Count the lines in the records below that contain the word "This", and reply with only that number.

__Provided records__.
==*==
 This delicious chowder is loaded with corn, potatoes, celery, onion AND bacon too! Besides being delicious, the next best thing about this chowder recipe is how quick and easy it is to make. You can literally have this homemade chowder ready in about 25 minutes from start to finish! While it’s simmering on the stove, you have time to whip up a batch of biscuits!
==*==
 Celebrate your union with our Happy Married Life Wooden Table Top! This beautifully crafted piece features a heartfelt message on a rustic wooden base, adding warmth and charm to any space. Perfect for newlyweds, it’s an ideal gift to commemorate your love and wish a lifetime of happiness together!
==*==
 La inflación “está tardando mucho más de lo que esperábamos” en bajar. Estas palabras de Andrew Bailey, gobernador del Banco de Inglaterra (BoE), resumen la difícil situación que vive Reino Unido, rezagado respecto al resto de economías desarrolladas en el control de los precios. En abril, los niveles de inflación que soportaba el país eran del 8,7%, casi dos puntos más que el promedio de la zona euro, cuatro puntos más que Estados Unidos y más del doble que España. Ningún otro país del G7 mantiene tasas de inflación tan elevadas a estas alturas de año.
==*==
__Expected answer__. 2